To isolate putative stem cells on the basis of their functional characteristics the authors stained human mammosphere cultures with a fluorescent marker, PKH26, which labels quiescent cells but not proliferating cells as it is lost by dilution. They recovered PKH26-positive (PKH26POS) cells by fluorescence-activated cell sorting. Unlike PKH26-negative (PKH26NEG) cells, PKH26POS cells formed both basal and luminal cells in two-dimensional differentiation assays, were able to re-establish mammary development in the cleared fat pads of immunocompromized mice and possessed other characteristics expected of hNMSCs.

By comparing microarray expression profiles of PKH26POS cells with PKH26NEG cells, a gene signature for hNMSCs was identified and some of the newly identified stem cell genes could be used as markers to accurately isolate hNMSCs from normal human mammary glands. Meta-analyses of published breast cancer gene data sets revealed a correlation between the expression of several candidate signature genes and the state of tumour differentiation. Poorly differentiated tumours expressed higher levels of genes in the hNMSC gene signature compared with well-differentiated tumours.

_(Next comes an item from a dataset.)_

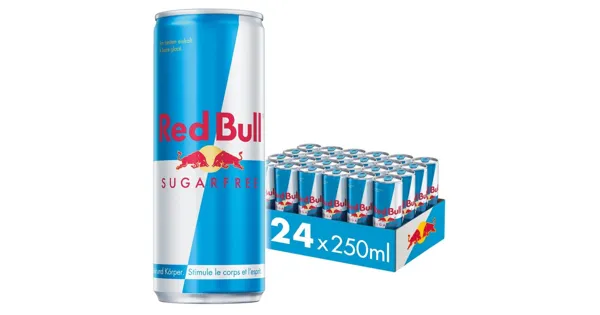 Taurin- und koffeinhaltiges Erfrischungsgetränk mit Süssungsmitteln Red Bull Sugarfree ist Red Bull Energy Drink, aber ohne Zucker. Es ist ein funktionales Getränk mit nur 3 Kalorien pro 100ml. Red Bull Sugarfree wird weltweit von Spitzensportlern, Studenten, in stark fordernden Berufen sowie bei langen Autofahrten geschätzt. Kohlensäurehaltig. Wegen des erhöhten Koffeingehaltes nur in begrenzten Mengen konsumieren. Für Kinder, Schwangere, Stillende und koffeinempfindliche Personen nicht geeignet. Geliefert wird ein Tray mit dem Inhalt von 24x250ml in Dosen. – Zutaten: Wasser, Säuerungsmittel (Citronensäure), Kohlensäure, Taurin (400mg/100ml), Säureregulatoren (Natriumcarbonate, Magnesiumcarbonate), Süssungsmittel (Acesulfam K, Sucralose*), Koffein, Vitamine (Niacin, Pantothensäure, B6, B12), Aromen, Verdickungsmittel (Xanthan), Farbstoffe (Zuckerkulör, Riboflavine). Zutaten: Wasser, Säuerungsmittel (Citronensäure), Kohlensäure, Taurin (400mg/100ml), Säureregulatoren (Natriumcarbonate, Magnesiumcarbonate), Süssungsmittel (Acesulfam K, Sucralose*), Koffein, Vitamine (Niacin, Pantothensäure, B6, B12), Aromen, Verdickungsmittel (Xanthan), Farbstoffe (Zuckerkulör, Riboflavine).
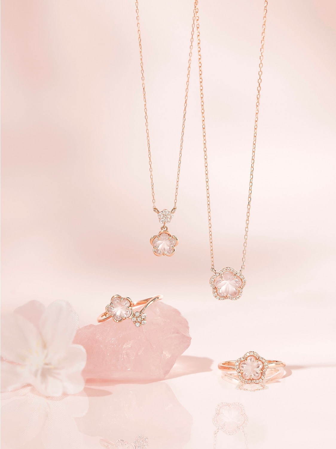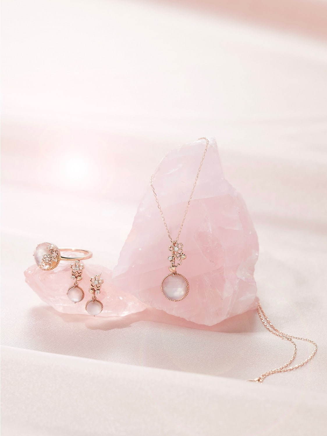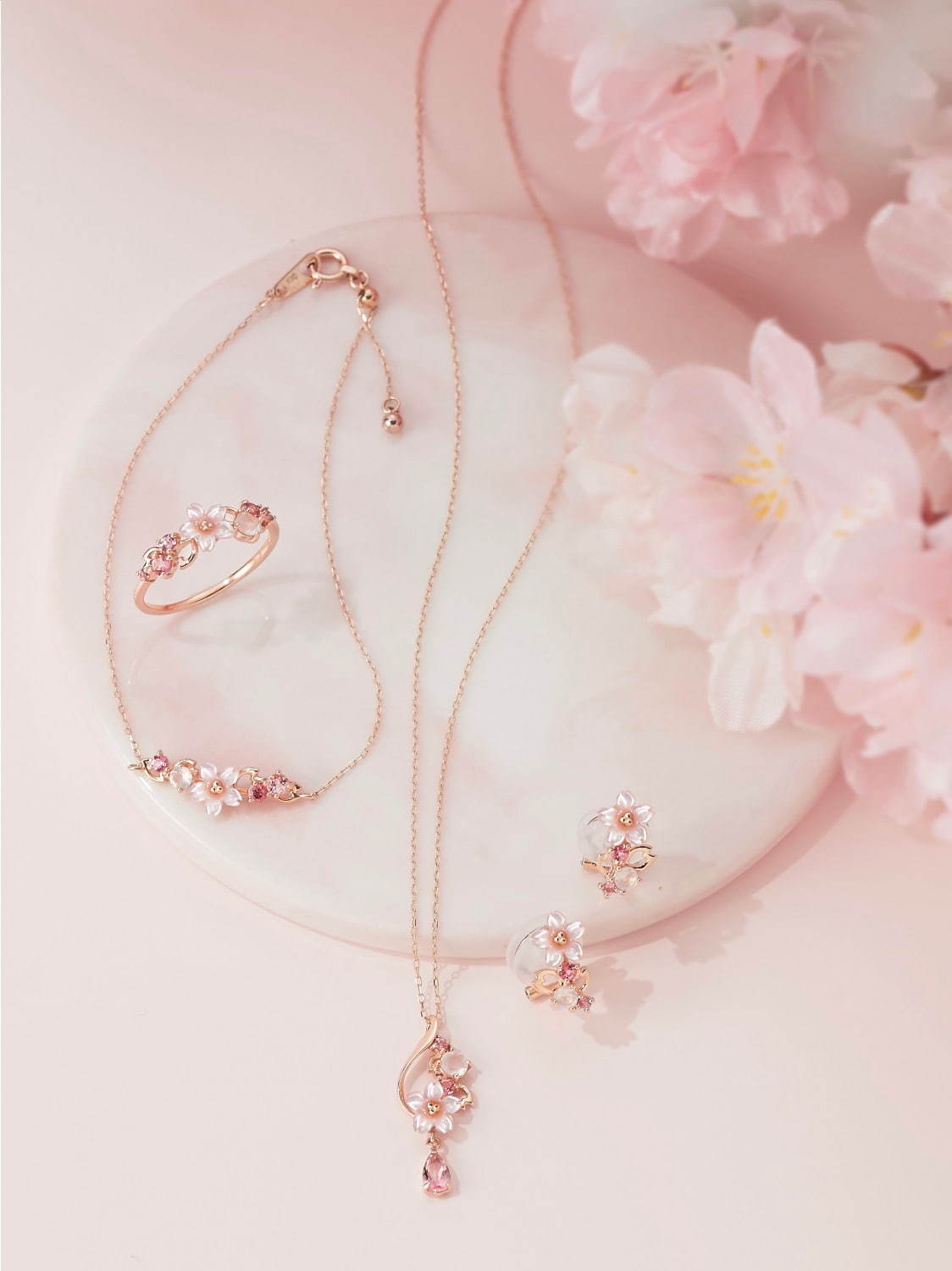 作为当下在社交媒体上最为火热的日系珠宝品牌之一,要是Samantha Tiara不在春日推出樱花系列,那只能有两个原因:Samantha Tiara倒闭了或樱花树灭绝了。在即将发售的春季限定珠宝里,Samantha Tiara从色彩和外观两个层面来展现樱花的娇柔美感。带有温润光泽的浅粉色蔷薇石英被与玫瑰金色链条搭配,散发出清淡温婉的光芒。

Does the heterogeneity of breast cancers reflect their CSC-like content? Di Fiore and colleagues indeed showed that CSC-like cells isolated from poorly differentiated tumours using markers from the hNMSC signature set formed mammospheres in culture and tumour xenografts more efficiently than normal hNMSCs or CSC-like cells isolated from well-differentiated tumours.

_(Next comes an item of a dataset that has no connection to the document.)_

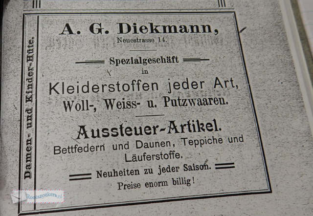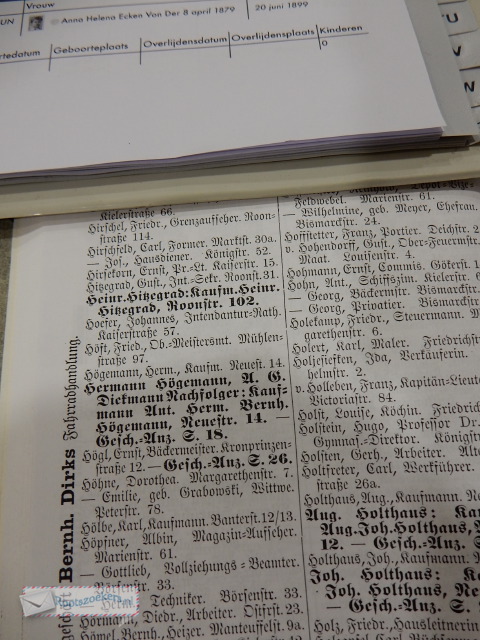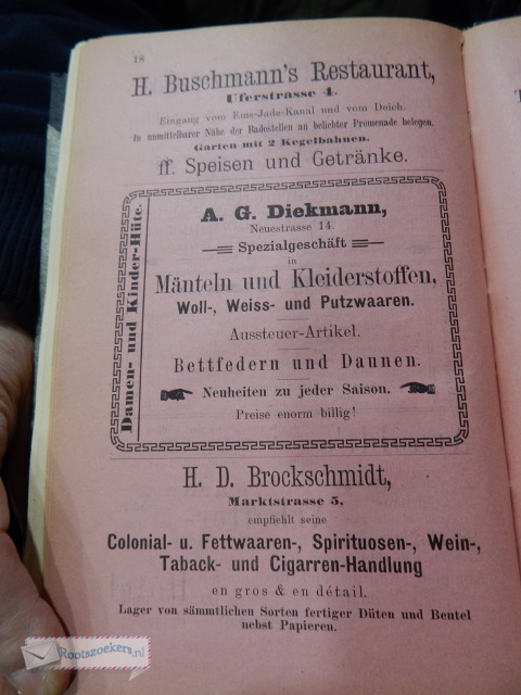 Picture Files Picture copies in all sizes: 0 | 1 | 2 | full Note Adresboeken archief Wilhelmshaven. Diekmann-Witte, Neue strasse 14. Keywords |
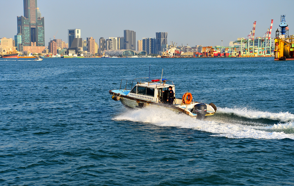 해안 순찰대의 고속정이 힘차게 물살을 가르며 달리고 있다.

Recently, this group also showed that CSCs more often divide symmetrically to produce daughter stem cells rather than asymmetrically to produce one stem and one progenitor cell. Together with the findings in this study, the authors present a model for mammary tumorigenesis in which oncogenic mutations in stem cell populations determine the frequency at which CSCs will skip asymmetric divisions. This will influence the number of stem cells in the tumour with resulting changes in the pathological features of the tumour.